## Activity:
Drop the pictures and restate the rest of the listing word for word.

## Records for this task:
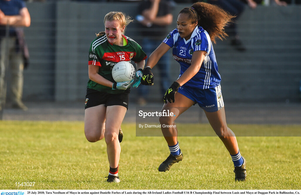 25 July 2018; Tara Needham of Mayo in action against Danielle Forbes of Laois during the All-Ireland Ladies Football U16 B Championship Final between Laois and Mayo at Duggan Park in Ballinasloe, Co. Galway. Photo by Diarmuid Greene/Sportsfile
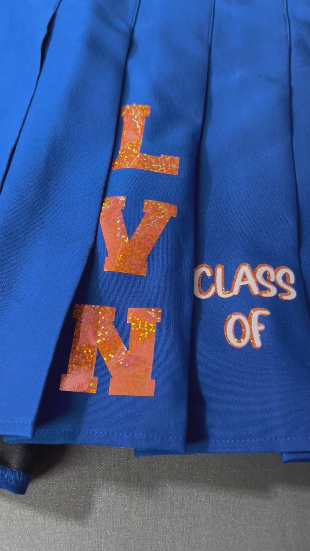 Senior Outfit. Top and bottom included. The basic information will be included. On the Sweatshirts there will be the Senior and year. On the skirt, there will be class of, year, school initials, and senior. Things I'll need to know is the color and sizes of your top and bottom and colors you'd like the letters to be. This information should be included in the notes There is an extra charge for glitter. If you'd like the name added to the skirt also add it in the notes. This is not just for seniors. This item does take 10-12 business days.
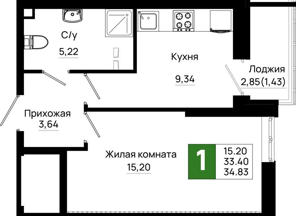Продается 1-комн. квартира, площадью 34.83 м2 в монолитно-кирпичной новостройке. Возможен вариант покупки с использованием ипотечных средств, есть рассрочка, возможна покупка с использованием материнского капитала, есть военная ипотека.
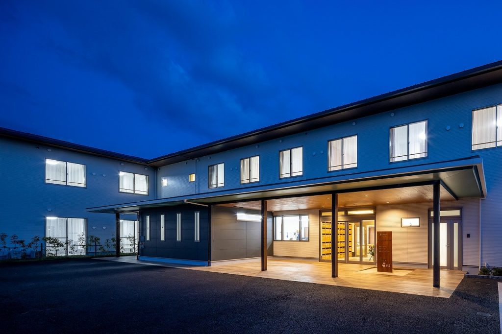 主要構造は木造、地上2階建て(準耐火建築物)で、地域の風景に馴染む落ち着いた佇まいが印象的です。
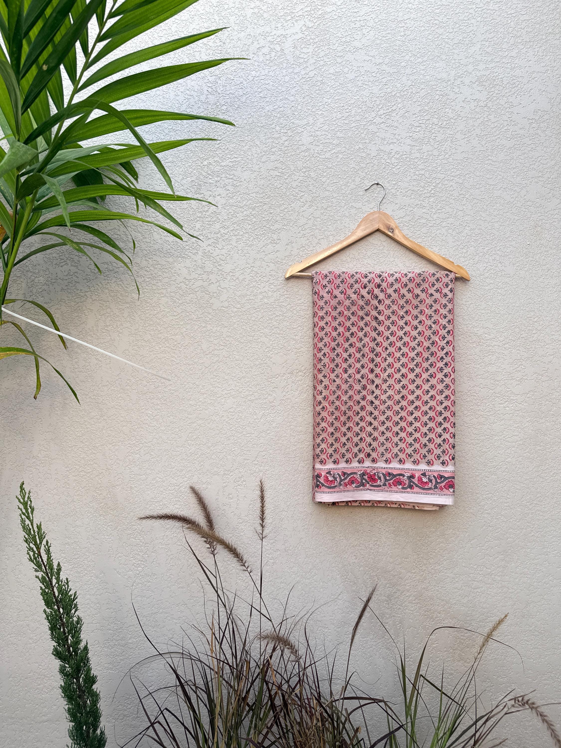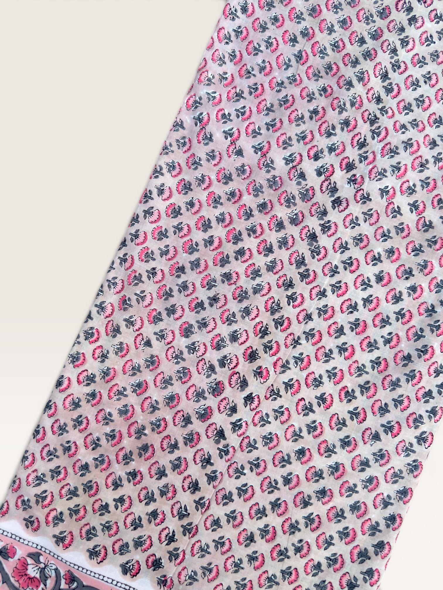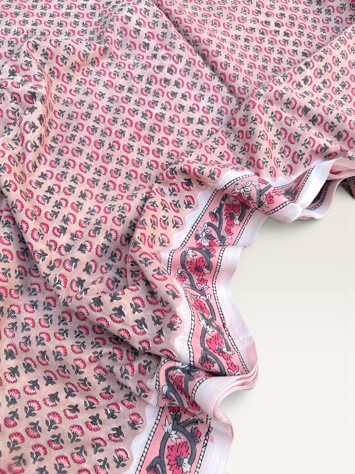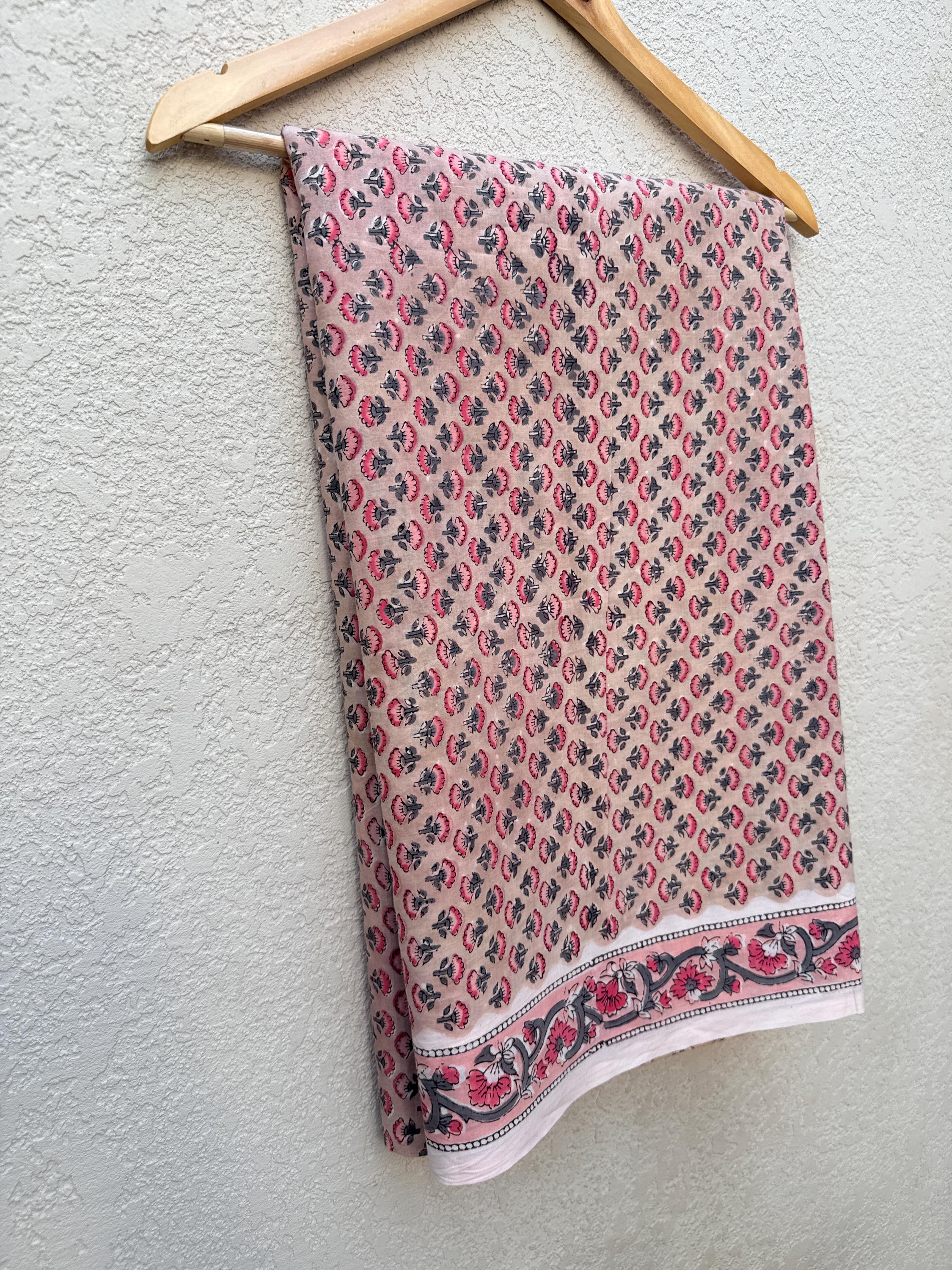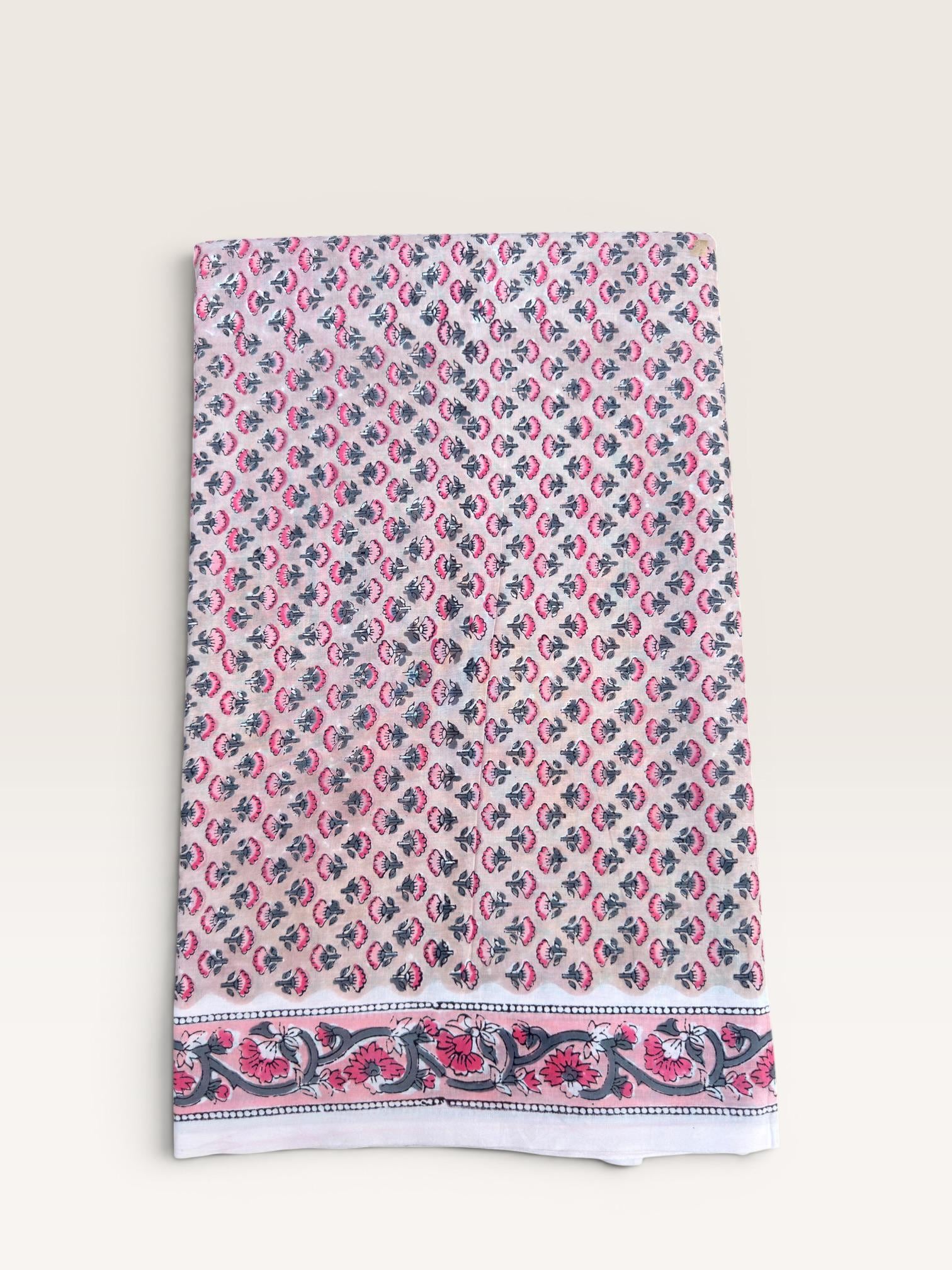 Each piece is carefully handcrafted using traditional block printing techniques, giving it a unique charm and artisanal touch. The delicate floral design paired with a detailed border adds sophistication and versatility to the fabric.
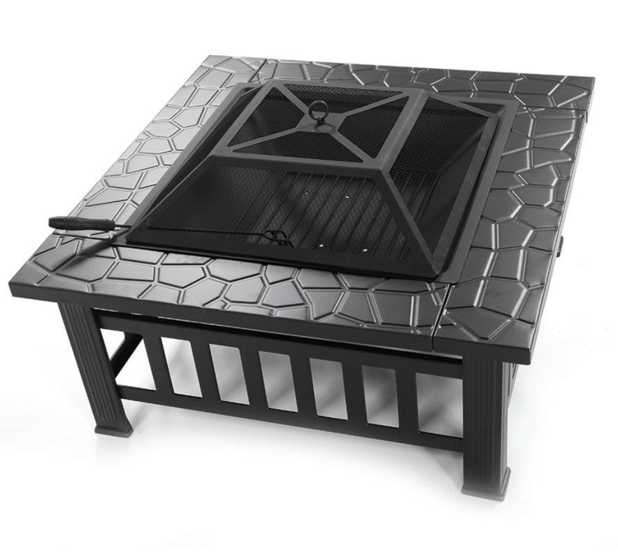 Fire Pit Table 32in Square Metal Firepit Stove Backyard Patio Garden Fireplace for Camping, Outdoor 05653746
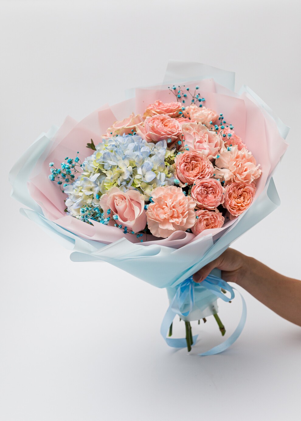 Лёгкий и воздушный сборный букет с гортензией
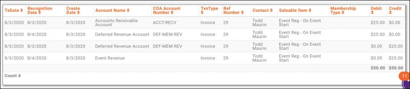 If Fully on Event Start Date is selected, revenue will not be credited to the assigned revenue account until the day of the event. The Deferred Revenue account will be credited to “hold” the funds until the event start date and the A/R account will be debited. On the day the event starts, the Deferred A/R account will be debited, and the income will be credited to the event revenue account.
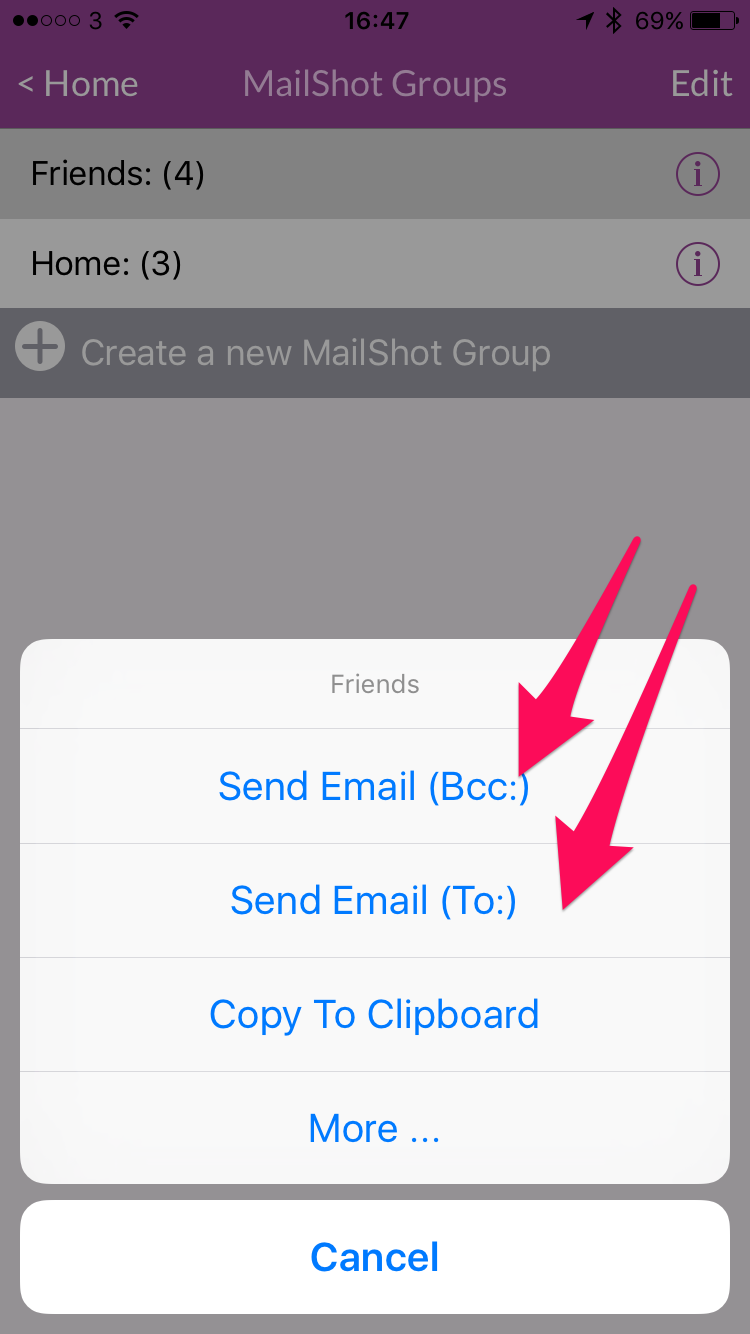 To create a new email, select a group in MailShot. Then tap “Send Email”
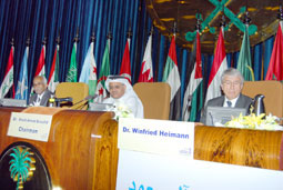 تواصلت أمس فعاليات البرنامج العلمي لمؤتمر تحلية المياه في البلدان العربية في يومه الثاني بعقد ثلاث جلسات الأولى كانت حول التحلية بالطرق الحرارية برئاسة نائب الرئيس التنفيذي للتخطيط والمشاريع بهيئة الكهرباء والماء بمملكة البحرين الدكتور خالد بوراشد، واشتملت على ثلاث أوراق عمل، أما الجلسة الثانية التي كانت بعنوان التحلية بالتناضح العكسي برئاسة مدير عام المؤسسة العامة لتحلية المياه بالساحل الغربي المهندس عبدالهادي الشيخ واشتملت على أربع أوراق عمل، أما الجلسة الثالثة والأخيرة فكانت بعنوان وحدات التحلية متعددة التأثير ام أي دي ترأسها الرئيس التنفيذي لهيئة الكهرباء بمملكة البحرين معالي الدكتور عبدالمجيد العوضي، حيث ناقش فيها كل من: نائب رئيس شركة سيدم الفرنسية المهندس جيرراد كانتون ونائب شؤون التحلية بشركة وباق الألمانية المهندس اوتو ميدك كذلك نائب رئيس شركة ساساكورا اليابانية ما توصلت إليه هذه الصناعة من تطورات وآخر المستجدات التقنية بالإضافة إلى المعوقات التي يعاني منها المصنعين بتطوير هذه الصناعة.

## Written answer:
 25 July 2018; Tara Needham of Mayo in action against Danielle Forbes of Laois during the All-Ireland Ladies Football U16 B Championship Final between Laois and Mayo at Duggan Park in Ballinasloe, Co. Galway. Photo by Diarmuid Greene/Sportsfile
 Senior Outfit. Top and bottom included. The basic information will be included. On the Sweatshirts there will be the Senior and year. On the skirt, there will be class of, year, school initials, and senior. Things I'll need to know is the color and sizes of your top and bottom and colors you'd like the letters to be. This information should be included in the notes There is an extra charge for glitter. If you'd like the name added to the skirt also add it in the notes. This is not just for seniors. This item does take 10-12 business days.
Продается 1-комн. квартира, площадью 34.83 м2 в монолитно-кирпичной новостройке. Возможен вариант покупки с использованием ипотечных средств, есть рассрочка, возможна покупка с использованием материнского капитала, есть военная ипотека.
 主要構造は木造、地上2階建て(準耐火建築物)で、地域の風景に馴染む落ち着いた佇まいが印象的です。
 Each piece is carefully handcrafted using traditional block printing techniques, giving it a unique charm and artisanal touch. The delicate floral design paired with a detailed border adds sophistication and versatility to the fabric.
 Fire Pit Table 32in Square Metal Firepit Stove Backyard Patio Garden Fireplace for Camping, Outdoor 05653746
 Лёгкий и воздушный сборный букет с гортензией
 If Fully on Event Start Date is selected, revenue will not be credited to the assigned revenue account until the day of the event. The Deferred Revenue account will be credited to “hold” the funds until the event start date and the A/R account will be debited. On the day the event starts, the Deferred A/R account will be debited, and the income will be credited to the event revenue account.
 To create a new email, select a group in MailShot. Then tap “Send Email”
 تواصلت أمس فعاليات البرنامج العلمي لمؤتمر تحلية المياه في البلدان العربية في يومه الثاني بعقد ثلاث جلسات الأولى كانت حول التحلية بالطرق الحرارية برئاسة نائب الرئيس التنفيذي للتخطيط والمشاريع بهيئة الكهرباء والماء بمملكة البحرين الدكتور خالد بوراشد، واشتملت على ثلاث أوراق عمل، أما الجلسة الثانية التي كانت بعنوان التحلية بالتناضح العكسي برئاسة مدير عام المؤسسة العامة لتحلية المياه بالساحل الغربي المهندس عبدالهادي الشيخ واشتملت على أربع أوراق عمل، أما الجلسة الثالثة والأخيرة فكانت بعنوان وحدات التحلية متعددة التأثير ام أي دي ترأسها الرئيس التنفيذي لهيئة الكهرباء بمملكة البحرين معالي الدكتور عبدالمجيد العوضي، حيث ناقش فيها كل من: نائب رئيس شركة سيدم الفرنسية المهندس جيرراد كانتون ونائب شؤون التحلية بشركة وباق الألمانية المهندس اوتو ميدك كذلك نائب رئيس شركة ساساكورا اليابانية ما توصلت إليه هذه الصناعة من تطورات وآخر المستجدات التقنية بالإضافة إلى المعوقات التي يعاني منها المصنعين بتطوير هذه الصناعة.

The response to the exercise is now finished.